Required work.
The exercise calls for the lines from the one containing "어린이 아크릴 마커 펜" to the end of the data below to be output exactly, pictures excluded.

Data below.
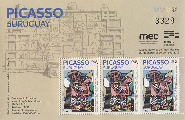 乌拉圭6月21日发行毕加索在乌拉圭小全张 日期:2019-06-21 来源:专题集邮信息网 内容简要:发行日期:06/21/2019代码:2019.25.C价值:65乌拉圭比索平面设计:álvaroRodríguez发行量:10,002枚邮票... 发行日期:06/21/2019 代码:2019.25.C 价值:65乌拉圭比索 平面设计:álvaroRodríguez 发行量:10,002枚邮票
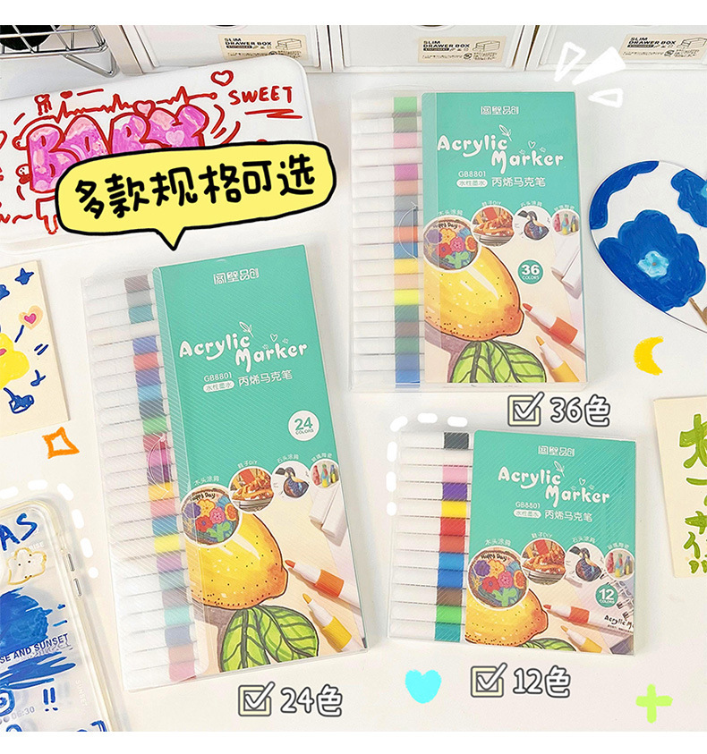어린이 아크릴 마커 펜 불투명 수채화 펜 학생 예술 손으로 그린 브러시 방수 DIY 페인트 펜스토어 가기
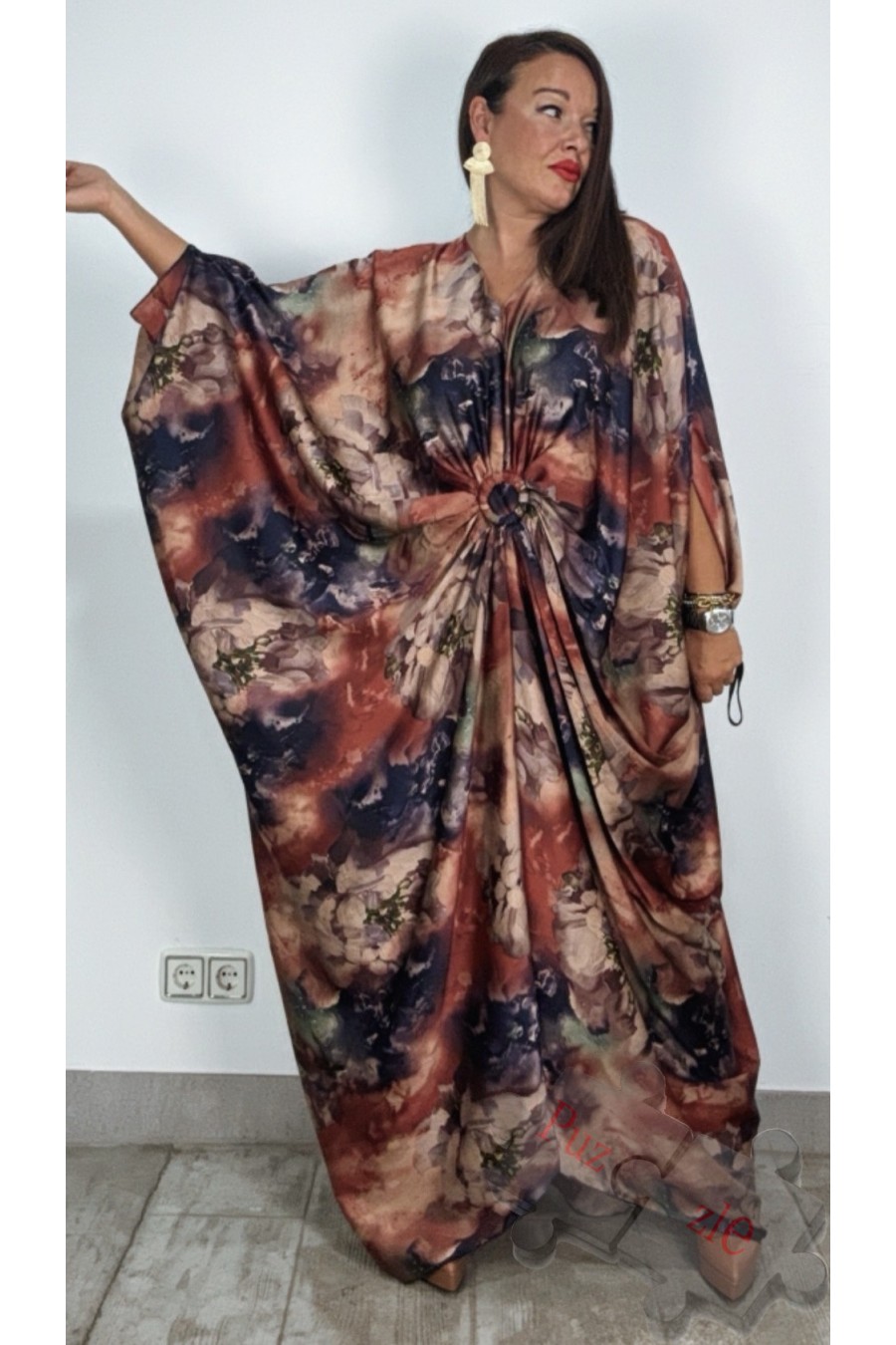 Mono en satén en tonos malvas y rojos , disponible en talla única

Answer.
어린이 아크릴 마커 펜 불투명 수채화 펜 학생 예술 손으로 그린 브러시 방수 DIY 페인트 펜스토어 가기
 Mono en satén en tonos malvas y rojos , disponible en talla única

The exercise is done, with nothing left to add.